→ Recorded data:
* * *
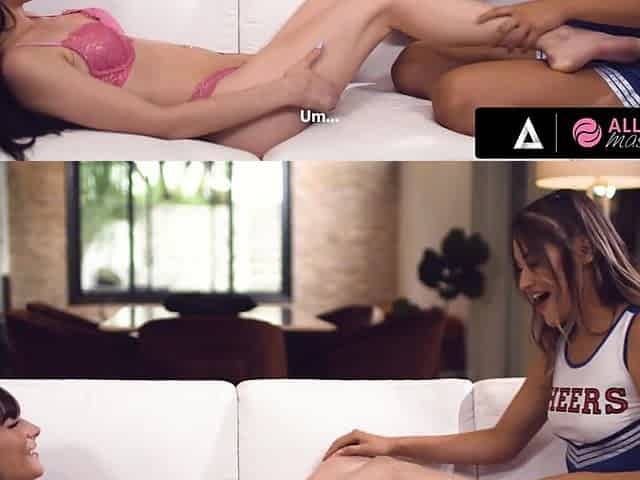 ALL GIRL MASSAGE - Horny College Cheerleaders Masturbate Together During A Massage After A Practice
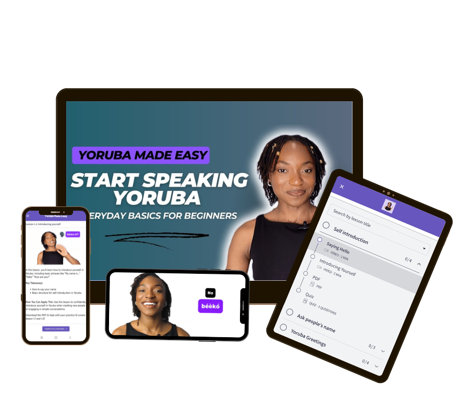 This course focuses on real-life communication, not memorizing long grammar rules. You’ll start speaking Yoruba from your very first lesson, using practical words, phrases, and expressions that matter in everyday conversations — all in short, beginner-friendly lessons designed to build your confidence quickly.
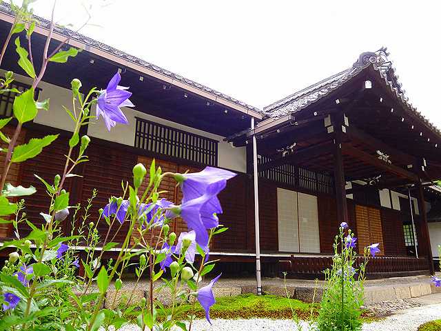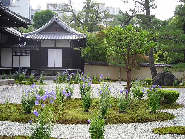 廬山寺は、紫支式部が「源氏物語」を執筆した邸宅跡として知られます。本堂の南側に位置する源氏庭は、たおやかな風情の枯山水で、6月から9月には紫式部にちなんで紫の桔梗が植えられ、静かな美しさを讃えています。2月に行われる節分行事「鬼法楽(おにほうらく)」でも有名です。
* * *
→ Work required: Return only the lines running from the top of the data to the line that holds "This course focuses". Include both of those lines, but skip the pictures.

→ Result:
 ALL GIRL MASSAGE - Horny College Cheerleaders Masturbate Together During A Massage After A Practice
 This course focuses on real-life communication, not memorizing long grammar rules. You’ll start speaking Yoruba from your very first lesson, using practical words, phrases, and expressions that matter in everyday conversations — all in short, beginner-friendly lessons designed to build your confidence quickly.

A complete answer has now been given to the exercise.